Allahü teâlâ buyurur ki, ey kelime, dur! Kelime der ki, beni söyleyen kulu afvetmeyince duramam. Hak teâlâ hazretleri, o zemân buyurur ki, izzetim, celâlim, kudretim, kemâlim hakkı için beni zikreden kulumu afv etdim.)
87 – Bu kelime-i tevhîdi söyleyen kulu kıyâmet gününde melekler ziyâret ederler. Hak teâlâ hazretleri Mûsâ aleyhisselâma meâlen, (Yâ Mûsâ! Kıyâmet gününde meleklerin seni ziyâret etmesini istersen, kelime-i tevhîdi çok söyle) buyurdu. Bu kelime-i tevhîdi dilinle söyleyip kalbinle şübhe etme! Aksi takdîrde, ebedî olarak Cehennemde kalırsın.
Mûsâ aleyhisselâm dedi ki, yâ Rabbî, bir kulun, dili ile kelime-i tevhîdi söyleyip, kalbi ile şübhe etse, sen ona nasıl bir cezâ verirsin? Allahü teâlâ meâlen buyurdu ki, (Yâ Mûsâ! Ben onu dâimî olarak Cehennemlik yaparım. O kimseye ne Peygamber, ne Velî, ne Şehîd ve ne de Meleklerden şefâ’at eden olmaz.)
88 – Bu kelime-i tevhîdi çok zikreyle! Zîrâ Mûsâ aleyhisselâm cenâb-ı Hakka sordu. Yâ Rabbî! Bir kulun kelime-i tevhîdi söylese, sen o kula ne ecr verirsin? Allahü teâlâ hazretleri cevâbında meâlen, (Ben o kulumdan râzı olup, Cennet ve cemâlimle onu mesrûr eylerim) buyurdu.

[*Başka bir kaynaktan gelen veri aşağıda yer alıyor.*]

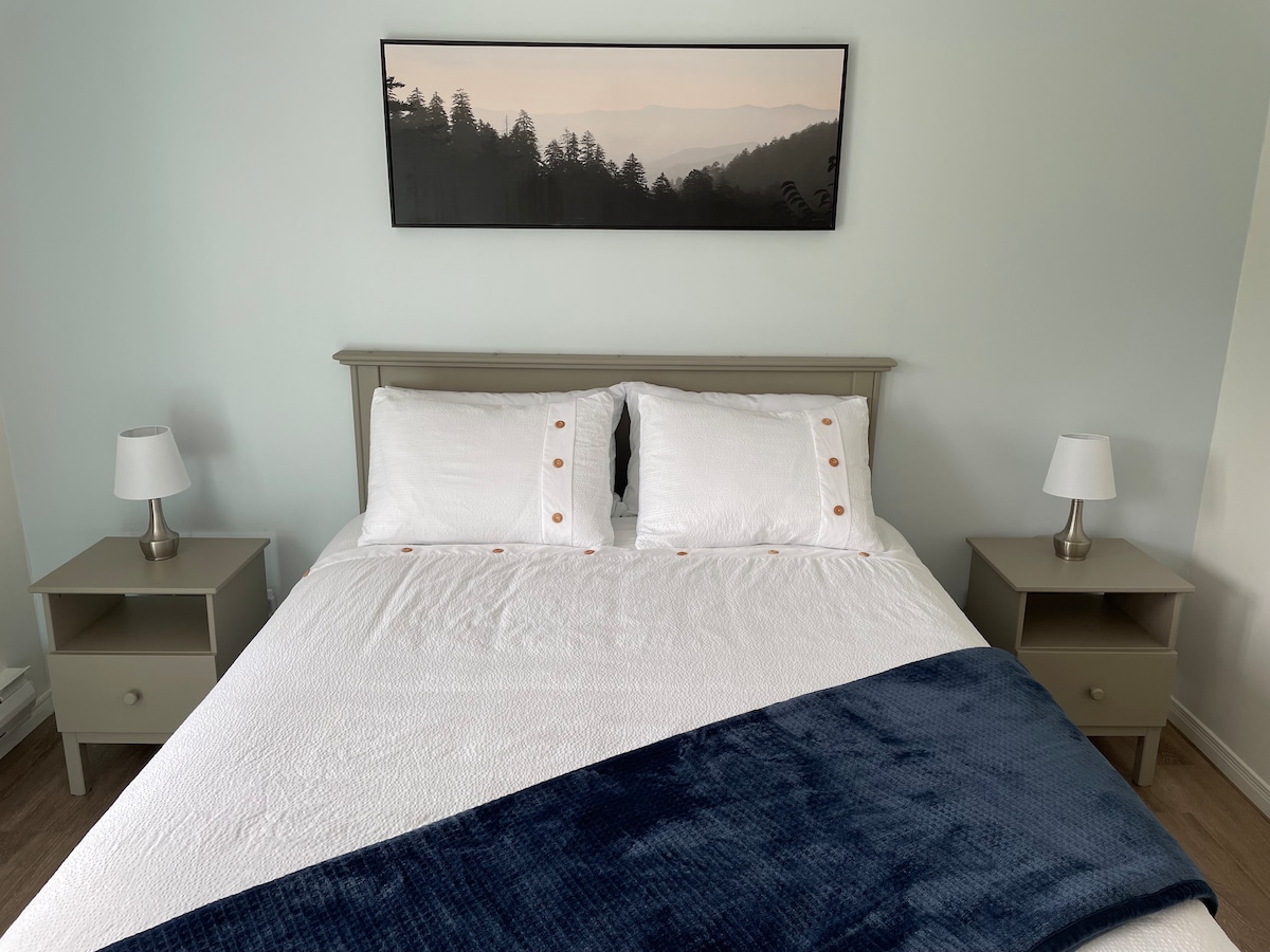 हा उज्ज्वल आणि प्रशस्त नव्याने तयार केलेला खाजगी सुईट न्यूफाउंडलँडच्या ग्रेट नॉर्दर्न द्वीपकल्पात कॉ हेडच्या निसर्गरम्य ग्रॉस मॉर्न नॅशनल पार्क कम्युनिटीमध्ये वसलेला आहे. या आदर्शपणे स्थित सुईटमध्ये किचन, बेडरूम, आरामदायक राहण्याची जागा, तीन तुकड्यांचे बाथ आहे आणि शॅलो बे बीच, ग्रॉस मॉर्न थिएटर आणि वेस्टर्न ब्रूक बोट टूर्सपासून काही मिनिटांच्या अंतरावर आहे. कृपया लक्षात घ्या की या इमारतीत 5 सुईट्स आहेत, ज्यात पोर्च आणि फायर पिटभोवती शेअर केलेले रॅप आहे.

İşte bu kelime-i tevhîd söyleyen kimseye, Hak teâlânın vereceği in’âm ve ihsânı Allahü teâlâdan başka kimse bilmez. Kelime-i tevhîd söyleyince, Arş-ı a’lâ titrer. Resûlullah “sallallahü aleyhi ve sellem” buyurdu ki: (Hak teâlâ hazretleri bir direk yaratmışdır. Kelime-i tevhîdden bu direk de titrer ve Arşı titretir. Arş titreyince, Hak teâlâ hazretleri Arşa, sâkin ol emrini verir ve Arşın mukabelesiyle yine o kelime-i tevhîdi söyliyen kimse afv-ı ilâhîye mazhar olur.)

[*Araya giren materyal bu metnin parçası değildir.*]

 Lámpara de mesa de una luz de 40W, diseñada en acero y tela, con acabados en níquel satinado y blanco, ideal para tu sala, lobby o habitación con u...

Resûlullah “sallallahü aleyhi ve sellem” buyurdu ki: (Her kim cân-ü gönülden, hâlisen, muhlisen bir kerre kelime-i tevhîd söylese, Hak teâlâ hazretleri, o kimseye Cennet-i a’lâda dörtbin derece ihsân eder ve dörtbin günâhını bağışlar.) Eshâb-ı kirâm “aleyhimürrıdvân” sordular, yâ Resûlallah “sallallahü aleyhi ve sellem”! O kimsenin dörtbin günâhı olmazsa? Resûlullah “sallallahü aleyhi ve sellem” buyurdu ki, (Ehlinin, evlâdının ve akrabâ ve teallukâtının günâhlarından bağışlanır.)
89 – Kelime-i tevhîdi dilinle çok söyle! Sevâbı, bütün günâhlardan ağır gelir. Resûlullah “sallallahü aleyhi ve sellem” buyurdu ki: (Mahşer günü bir kişi gelecek, doksandokuz defteri olup, her bir defterin sathı göz gördüğü kadar genişdir. Hiç birinde iyiliği olmayıp, yalnız bir parmak kadar, o kimsenin dünyâda söylediği bir kelime-i tevhîd bulunur. O doksandokuz defter terâzînin bir kefesine ve bir kelime-i tevhîdi diğer kefesine koyarlar.